Он утёр масляные губы и поднялся из-за стола:
– Шурка, пошли ещё погуляем.
– Пошли.
Шурочка с радостью выбралась из-за стола. На улице куда лучше, чем в этом не очень опрятном доме! Вася вывел её из избы в темные сени и вместо того, чтобы открыть двери на улицу, открыл боковую дверку и завел Шурочку в какую-то комнатку. Тьма в ней была абсолютная, не разглядеть собственной руки.
– Не боись, это моя сарайка, я в ней ночую, пока тепло. Чтобы мать, это, не будить, если поздно возвращаюсь-то, – прошептал в темноте Вася и потянул Шурочку за руку:
– Пойдем!
Она сделала два шага и наткнулась на лежак. А Вася уже усаживал её рядом с собой, и опять всосал Шурочкины губы, неудобно запрокинув её голову. Потом уронил Шурочку на невидимую в темноте постель и начал стаскивать с неё свитер и футболку.
Шурочка не возражала. В темноте было не стыдно, и она изучала новые для себя ощущения мужских губ и рук на её лице, шее, груди, животе. И только когда Вася перешел пограничную линию и начал стягивать с нее штаны, Шурочка опомнилась и запротестовала:
– Не надо!
– Чё не надо-то?
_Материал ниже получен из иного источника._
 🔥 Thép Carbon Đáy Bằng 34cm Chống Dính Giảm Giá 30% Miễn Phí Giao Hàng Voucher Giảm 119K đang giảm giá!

Не боись, я осторожно, – откликнулся Вася глухим голосом и стянул с Шурочки штаны. Те самые красные треники, в которых она сегодня весь день крутилась на кухне.
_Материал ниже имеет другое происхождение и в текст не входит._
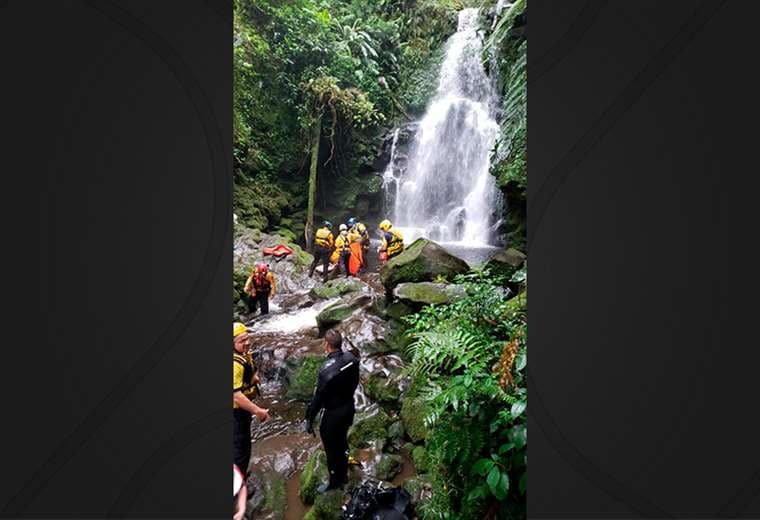 Según reportes preliminares, una mujer que también estaba en la poza logró salir, pero la otra persona fue arrastrada hacia la catarata.

Происходящее было настолько неправильным – она не этого хотела! Нет! – что Шурочка обмерла и словно со стороны наблюдала, что происходит. Вот он шуршит своей одеждой, вот наваливается на неё своим голым тяжёлым телом, – Шурочка почувствовала его горячий живот, – вот больно тычется ей в промежность.
– Ты, это, помогай мне-то, а то я попасть не могу, – сказал он глухим голосом, и Шурочка очнулась.
– Вася, я не знаю как, у меня ЭТОГО ещё никогда не было. Я боюсь! Не надо! Перестань!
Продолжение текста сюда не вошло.